L’argent est à la fois un métal précieux et un métal industriel
L’argent n’est pas un métal précieux pur comme l’or. Il s’agit plutôt d’un métal “hybride”, à mi-chemin entre le précieux et l’industriel, en raison de ses multiples utilisations. Il fait partie intégrante des technologies vertes, de l’électronique, des véhicules électroniques et des appareils médicaux. La demande des secteurs de l’énergie solaire et des véhicules électriques porte l’utilisation du métal à des niveaux records.
“Cette combinaison en fait une valeur refuge potentielle et un actif qui est, en partie, corrélé au cycle économique”, explique Trevor Yates de Global X.
Plus de 70 % de l’argent produit dans le monde est un sous-produit, car ses gisements sont souvent associés au cuivre, à l’or et à d’autres minéraux. “Cela a récemment contribué à maintenir les prix bien au-dessus du coût marginal de production”, explique M. Yates.
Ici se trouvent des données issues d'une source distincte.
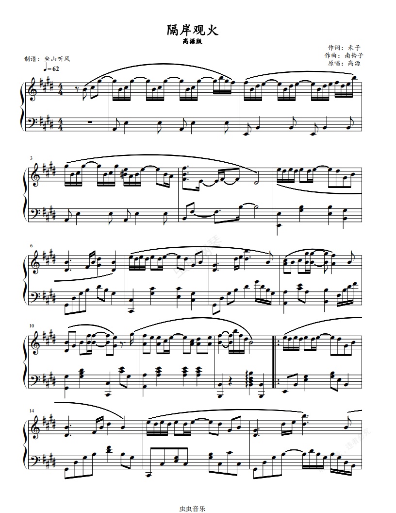 钢琴谱:隔岸观火——一高源版
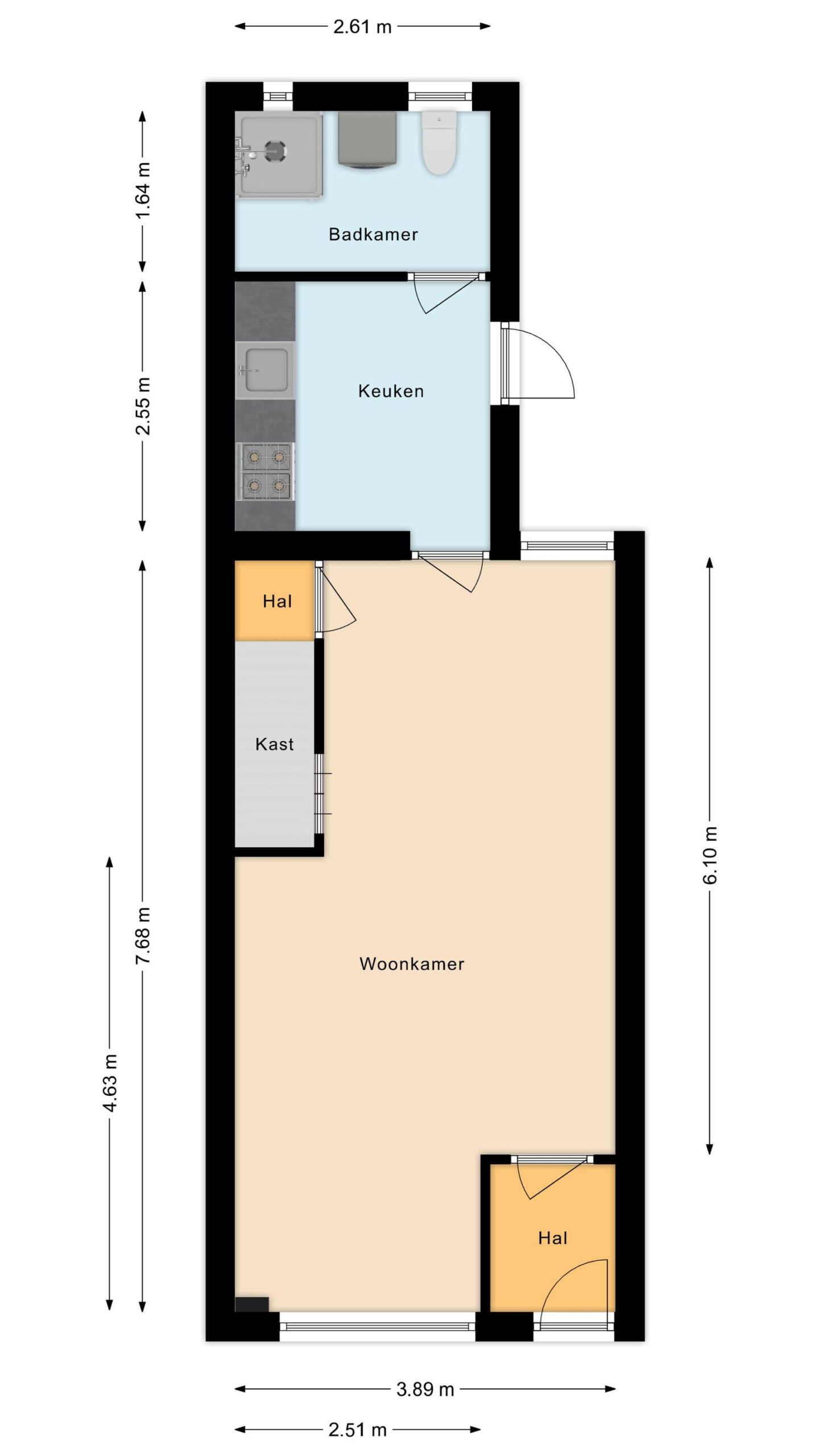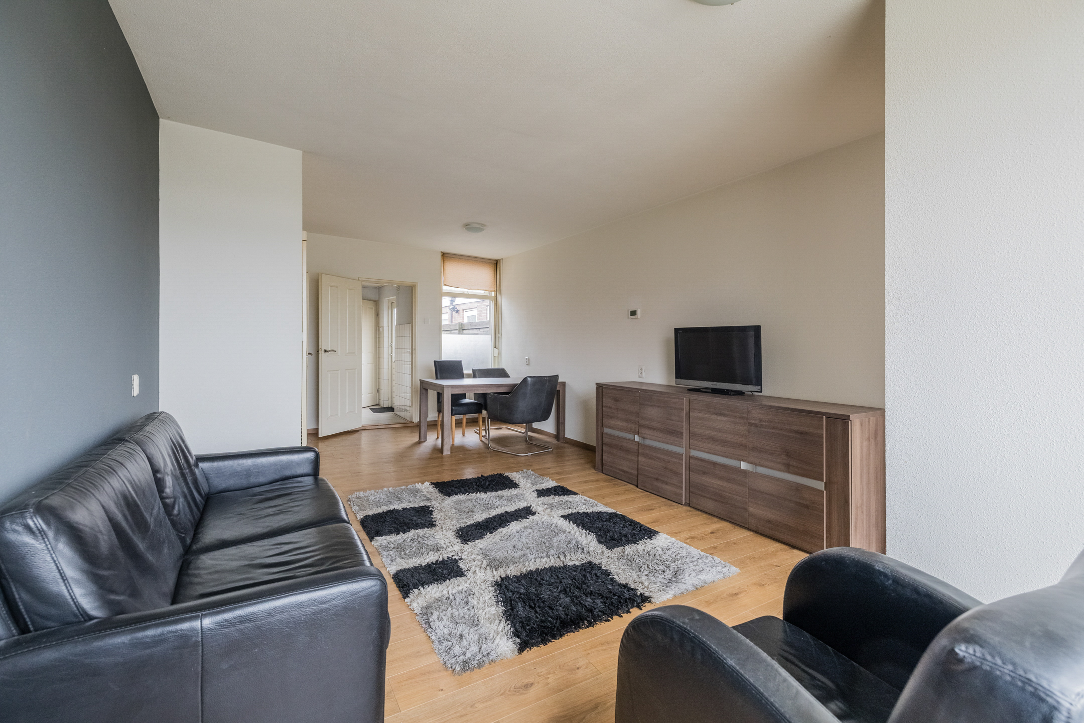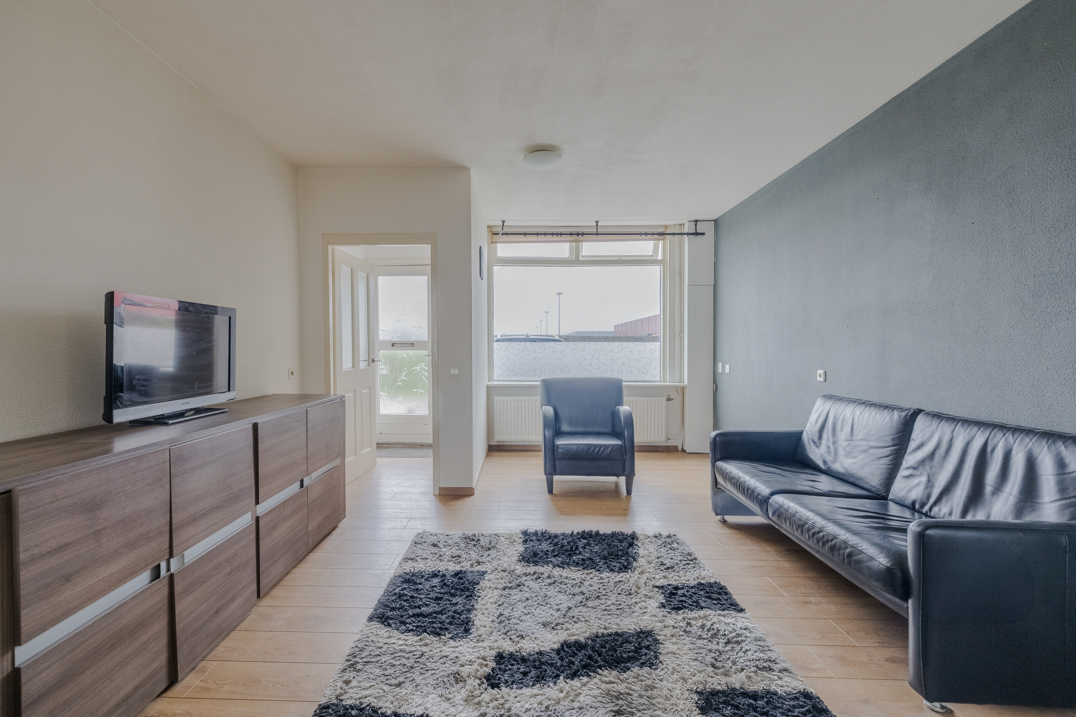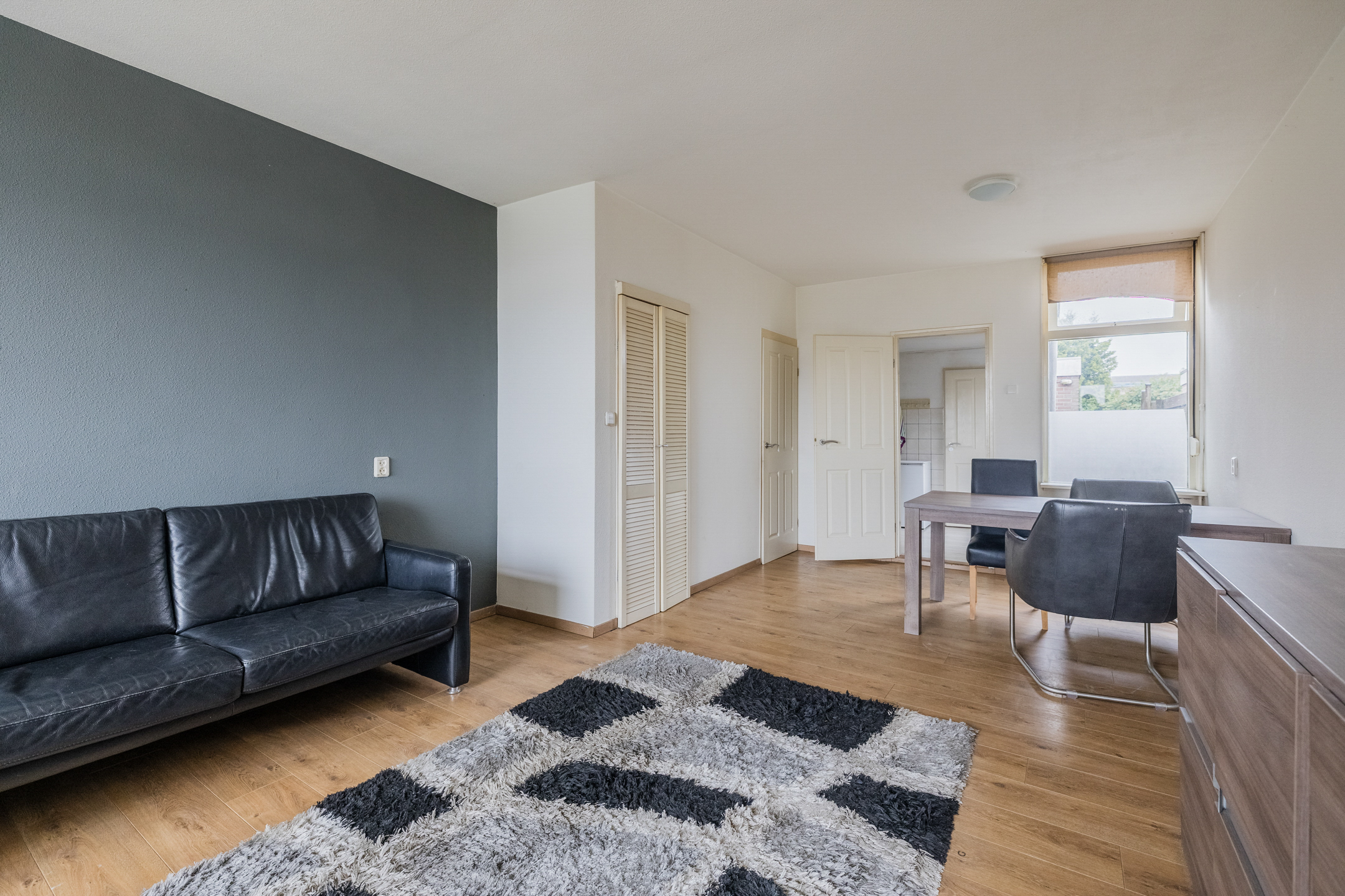 Entree, lichte woonkamer met trapkast, eenvoudige keuken met enig inbouwapparatuur maar biedt voldoende ruimte om naar eigen smaak te moderniseren en badkamer met douche en toilet.

“Même à moyen et long terme, malgré la forte hausse des prix, nous nous attendons à ce que l’augmentation des coûts d’investissement, la forte inflation des coûts miniers (main-d’œuvre, machines, etc.) et la rareté des projets de haute qualité continuent à peser sur les perspectives d’approvisionnement”, déclare l’analyste.
D’autre part, en raison de sa nature industrielle, l’argent est lié à la croissance économique : Un ralentissement mondial, une escalade de la guerre commerciale ou un resserrement de la politique économique pourraient freiner la demande.